One-way analysis of variance

Statistically significant difference between PFOA and PFP group

Statistically significant difference between control and PFP group

Statistically significant difference between control and PFOA group

Chi-squared test

Unpaired Student’s t-test

PFOA, patellofemoral osteoarthritis; PFP, patellofemoral pain; N/A, not available; NRS, numerical rating scale; WOMAC, Western Ontario and McMaster Universities Osteoarthritis Index

The radiological measurements for both studies consisted of semi-flexed weight-bearing AP radiographs, weight-bearing lateral radiographs, and skyline radiographs (30° and 45° knee flexion for CHECK and RCT study, respectively). Individual features of OA were scored according to the method of Altman et al.[33] The Kellgren and Lawrence (K&L) scores were recorded from the AP radiographs and used to exclude TFOA patients from all subject groups.[34]
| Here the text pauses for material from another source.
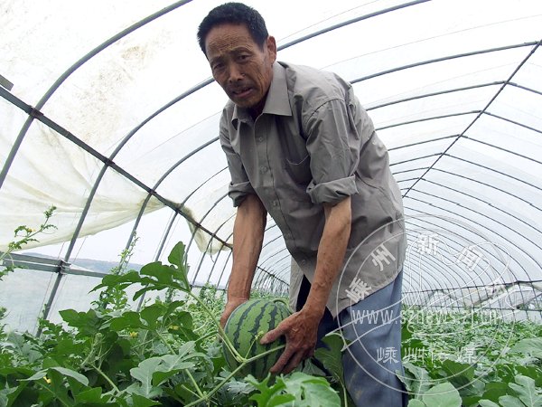 这几天,黄泽早西瓜上市啦,价格在每公斤6元左右。进入5月以来,由于气温适宜,今年的早西瓜品质较好。图为黄泽镇普安村胡宅自然村瓜农正在地里查看西瓜长势情况。

All individual features were scored by four different observers in the CHECK cohort. The interobserver reliability of K&L scoring in the CHECK cohort has been described previously, indicating fair to near perfect reliability (interobserver with trained reader prevalence bias adjusted κ score: 0.28 to 0.79).[35] The radiographs of the PFP patients were scored by a trained medical student who was unaware of the context of the study and had established reliability (inter-observer with trained reader prevalence bias adjusted κ score: 0.61 to 0.75).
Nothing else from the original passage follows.